→ EXERCISE DESCRIPTION
Down to the last line, reproduce the data that follows, but skip the pictures.

→ DATASET EXTRACT
*** Begin section ***

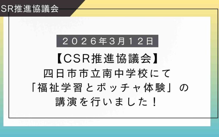 【CSR推進協議会】四日市市立南中学校にて「福祉学習とボッチャ体験」の講演を行いました!令和8年3月12日、四日市市立南中学校にて1年生212名を対象に講演を行いました。今回は「頸髄損傷と共に生きる」をテーマに、自身の経験を通じた講話とパラスポーツ「ボッチャ」の体験学習を実施しました。実施概要日時:令和8年3月12日(木)13:30-15:10対象:中学1年生 計212
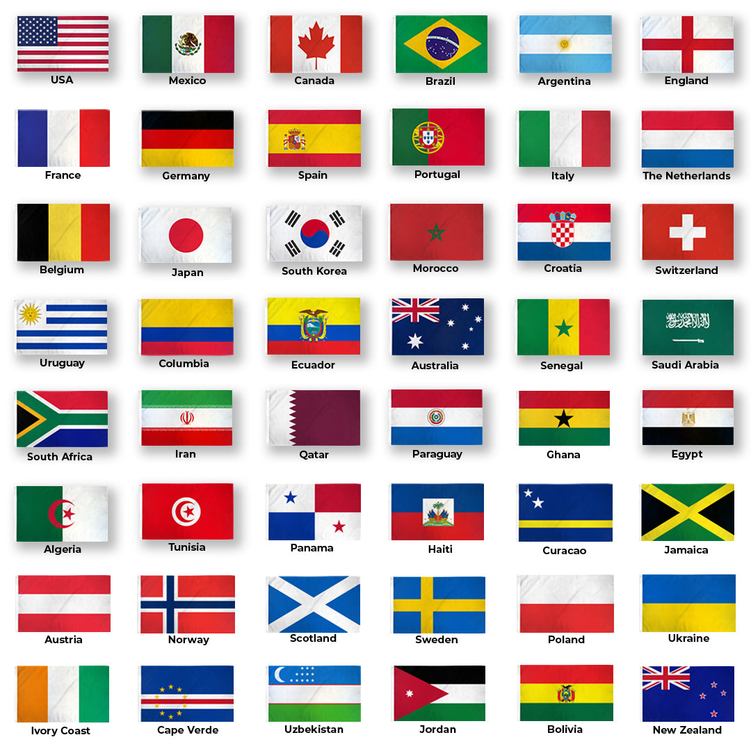 Our most complete and authoritative World Cup flag collection, featuring 48 countries across all major federations. Designed for large-scale displays, professional events, and institutional use.
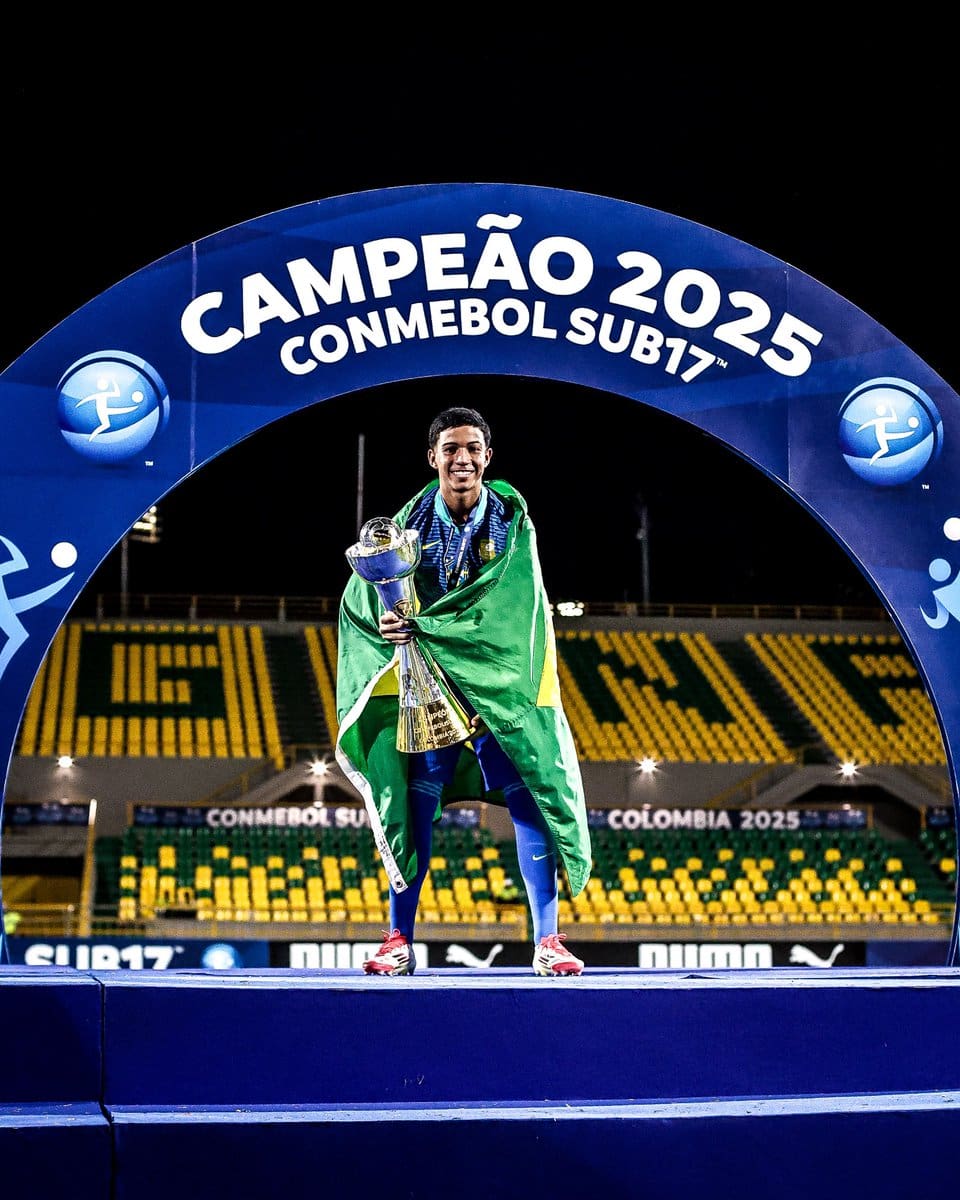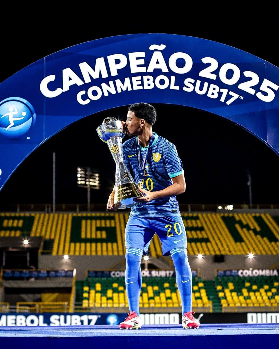 Um grande dia para o nosso futebol! O meia Andrey Fernandes se tornou campeão do Sul-Americano Sub-17 na noite do último sábado, defendendo as cores da Seleção Brasileira. Parabéns a todos que contribuíram para esta conquista brilhante! 🇧🇷🏆💢

*** End section ***

→ OUTPUT OF THE EXERCISE
 【CSR推進協議会】四日市市立南中学校にて「福祉学習とボッチャ体験」の講演を行いました!令和8年3月12日、四日市市立南中学校にて1年生212名を対象に講演を行いました。今回は「頸髄損傷と共に生きる」をテーマに、自身の経験を通じた講話とパラスポーツ「ボッチャ」の体験学習を実施しました。実施概要日時:令和8年3月12日(木)13:30-15:10対象:中学1年生 計212
 Our most complete and authoritative World Cup flag collection, featuring 48 countries across all major federations. Designed for large-scale displays, professional events, and institutional use.
 Um grande dia para o nosso futebol! O meia Andrey Fernandes se tornou campeão do Sul-Americano Sub-17 na noite do último sábado, defendendo as cores da Seleção Brasileira. Parabéns a todos que contribuíram para esta conquista brilhante! 🇧🇷🏆💢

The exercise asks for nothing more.